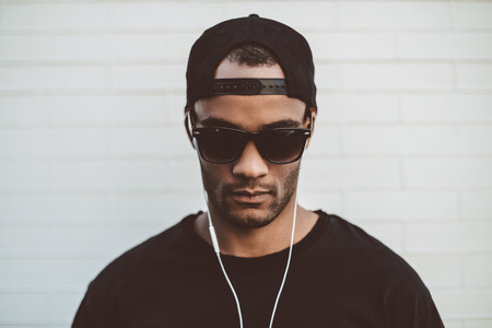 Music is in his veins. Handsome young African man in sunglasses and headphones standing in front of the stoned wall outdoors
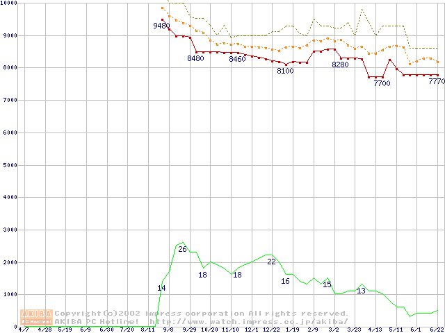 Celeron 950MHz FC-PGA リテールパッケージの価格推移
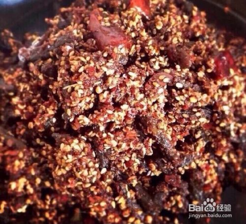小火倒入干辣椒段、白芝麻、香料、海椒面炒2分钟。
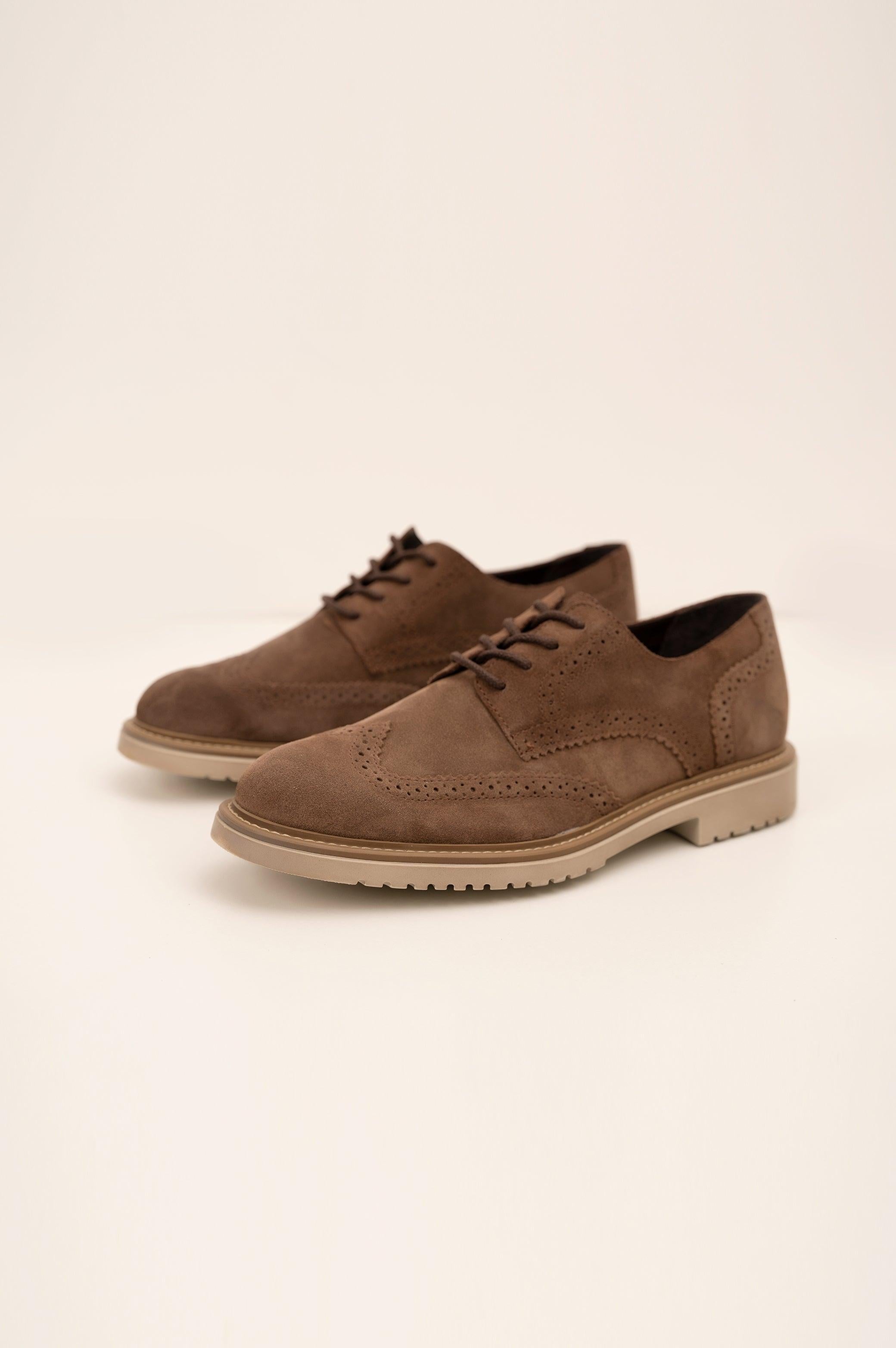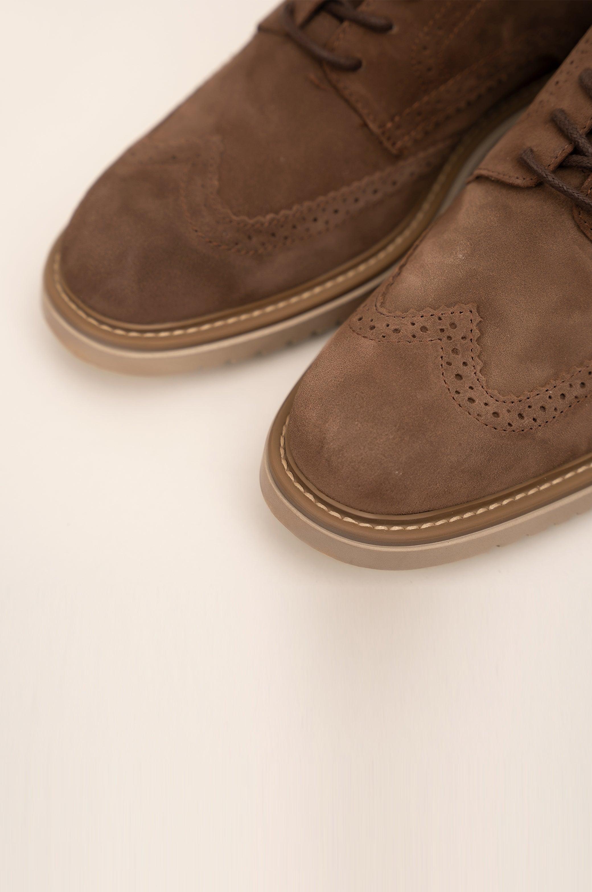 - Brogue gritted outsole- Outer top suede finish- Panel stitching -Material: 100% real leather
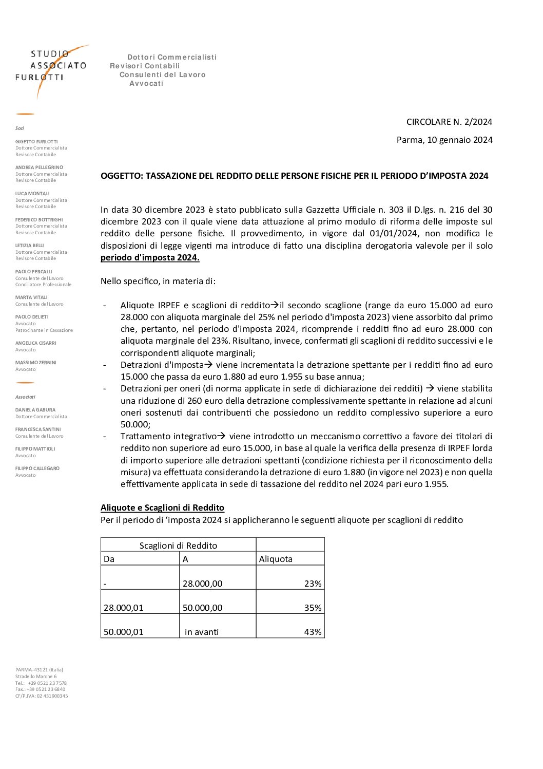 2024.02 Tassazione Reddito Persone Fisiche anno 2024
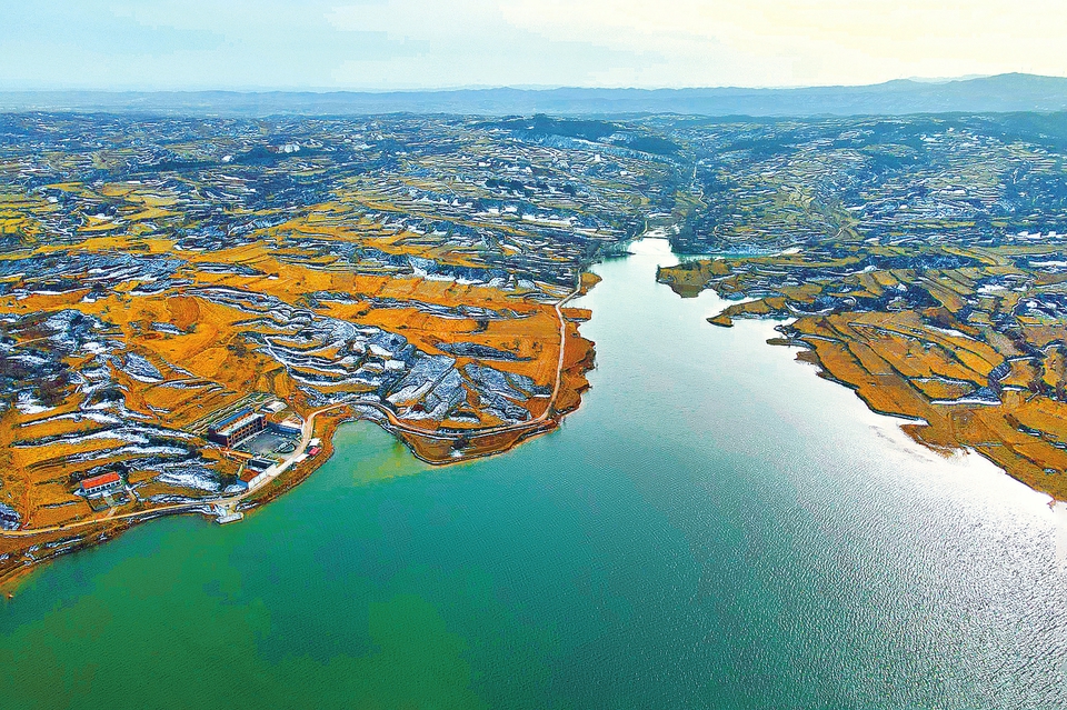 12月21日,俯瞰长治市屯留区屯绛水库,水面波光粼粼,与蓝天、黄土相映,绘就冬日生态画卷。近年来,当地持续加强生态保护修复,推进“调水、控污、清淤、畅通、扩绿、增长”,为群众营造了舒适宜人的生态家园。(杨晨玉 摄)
____
▸ **What you should do**:
Keep the pictures out of your copy. Copy only the lines from the line that holds "- Brogue gritted" through the last line of the listing above, both included.

▸ **Exercise response**:
 - Brogue gritted outsole- Outer top suede finish- Panel stitching -Material: 100% real leather
 2024.02 Tassazione Reddito Persone Fisiche anno 2024
 12月21日,俯瞰长治市屯留区屯绛水库,水面波光粼粼,与蓝天、黄土相映,绘就冬日生态画卷。近年来,当地持续加强生态保护修复,推进“调水、控污、清淤、畅通、扩绿、增长”,为群众营造了舒适宜人的生态家园。(杨晨玉 摄)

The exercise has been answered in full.